2. Siapa sajakah Pemimpin?

            Bukhari, Muslim, dan Turmudzi meriwayatkan, dari Abdullah bin Umar ra berkata “saya mendengar Rasulullah SAW Bersabda: masing-masing kamu adalah pemimpin dan masing-masing kamu adalah bertanggung jawab atas kepemimpinannya. Seorang imam adalah pemimpin dan akan dimintain pertanggung jawaban atas kepemimpinannya. Seorang laki-laki adalah pemimpin dalam keluarganya dan bertanggung jawab atas kepemimpinannya. Wanita adalah pemimpin dalam rumahtangga suaminya dan bertanggung jawaban atas kepemimpinannya. Pelayan itu pemimpin atas harta tuannya dan bertanggungjawab atas kepemimpinannya. Ia berkata: saya menduga bahwa Rasulullah SAW bersabda: laki-laki itu pemimpin dalam harta ayahnya dan bertanggungjawab atas kepemimpinannya. Masing-masing dari kamu adalah pemimpin dan bertanggung jawab atas kepemimpinannya.

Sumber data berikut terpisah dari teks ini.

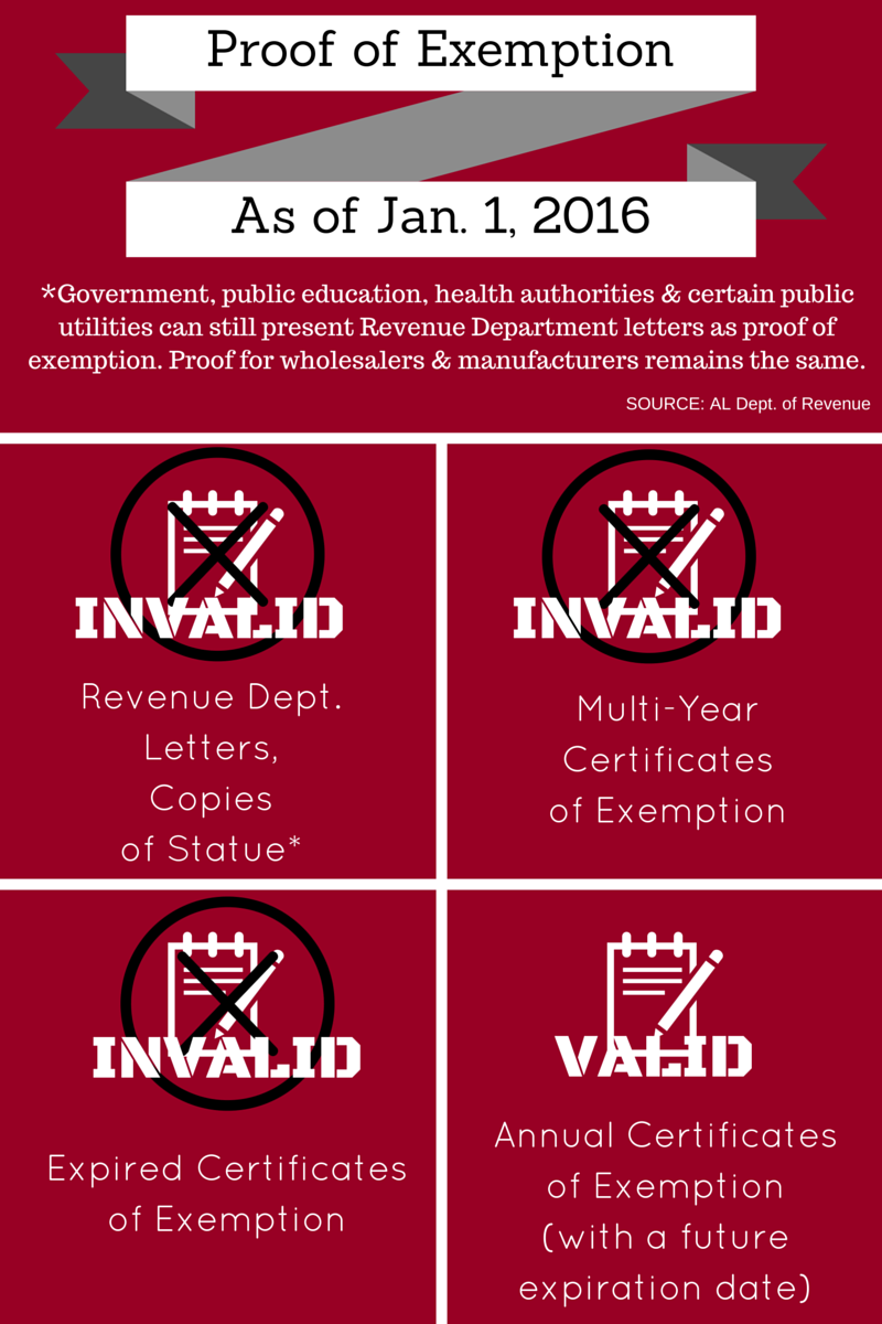 Revenue Department Clarifies Tax Exempt Sales Notice Alabama Retail Association

Hadits tersebut menjelaskan bahwa masing-masing orang baik laki-laki maupun perempuan, tua maupun muda adalah pemimpin yang akan dimintai pertanggung jawabannya. Seorang imam atau pemimpin tingkat apa saja adalah bertanggung jawab akan wilayah kekuasaanya. Ia berkewajiban menegakkan keadilan, menghormati kemerdekaan rakyatnya, bermusyawarah dengan rakyat, mendengarkan kritikan dan keluhan rakyat demi kebaikan jalannya roda pemerintahan, berusaha memakmurkan mereka, menyediakan lapangan kerja, dan memberantas berbagai macam bentuk kemaksiatan.

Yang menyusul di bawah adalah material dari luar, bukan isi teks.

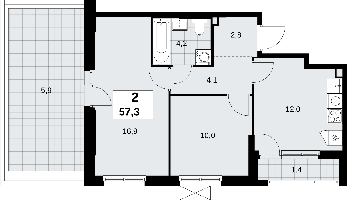 Площадь:57 м2

3. Syarat-syarat menjadi Khalifah/ imam
Syarat-syaratnya adalah sebagai berikut:
  1. beragama islam
  2. memiliki ilmu pengetahuan yang luas
  3. mampu melaksanakan pengawasan terhadap aparatur pemerintahan, dan pelaksanaan hukum, dan peraturan perundang-undangan yang berlaku
  4. adil dalam arti luas, yakni mampu melaksanakan seluruh kewajiban dan menjauhi seluruh larangan serta dapat memelihara kehormatan dirinya
  5. anggota badan dan panca inderanya tidak cacat
  6. dipilih oleh Ahlul Halli wal Aqdi melalui permusyawaratan.

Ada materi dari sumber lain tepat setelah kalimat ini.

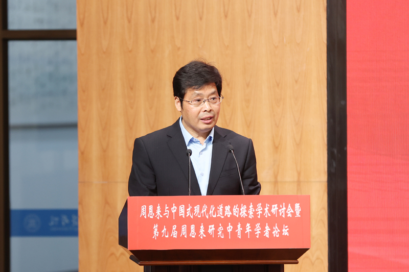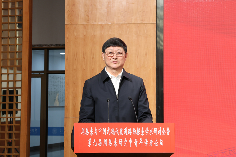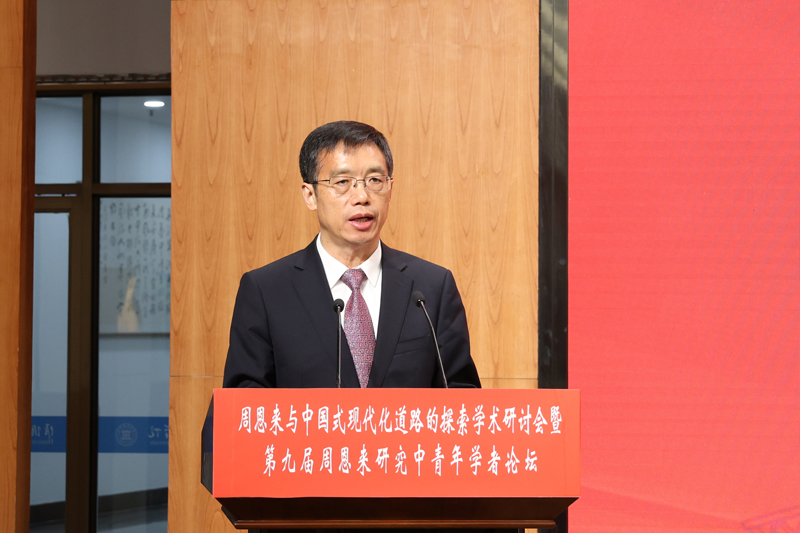 尚洪波致辞。他指出,周恩来是中国社会主义现代化建设的一位主要开拓者和奠基者,在推进中国现代化建设方面积累了丰富的理论和实践经验。系统研究周恩来与我国现代化事业发展的系列问题,有助于更加全面了解我们党探索中国式现代化的艰辛历程,深入理解新时代中国式现代化的理论与实践,对新征程上全面贯彻新发展理念,加快构建新发展格局,以中国式现代化全面推进中华民族伟大复兴,具有重要理论价值和现实意义。尚洪波介绍了学校近年来办学治校、周恩来思想生平研究以及用周恩来崇高精神风范办学育人等方面取得的成绩。他表示,淮师将以本次研讨会为契机,从中汲取营养和智慧,用历史映照现实、远观未来,紧紧围绕立德树人根本任务,做周恩来崇高精神风范的积极传承者和模范践行者,牢记嘱托、感恩奋进,培养拥有“四个自信”的时代新人。

4. Pengangkatan imam/ khalifah
Dalam sejarah islam ditemukan cara-cara pengangkatan khalifah sebagai berikut:
  1. Pengankatan khalifah melalui para pemimpin umat islam
  2. Pengangkatan khalifah melalui usulan khalifah terdahulu
  3. Pengankatan khalifah  yang melalui pemilihan umum yang langsung dilakukan oleh seluruh rakyatnya.
  4. Pengangkatan khalifah melaui persetujuan rakyatnya karena dianggap telah berjasa dalam mengembangkan islam ke suatu wilayah.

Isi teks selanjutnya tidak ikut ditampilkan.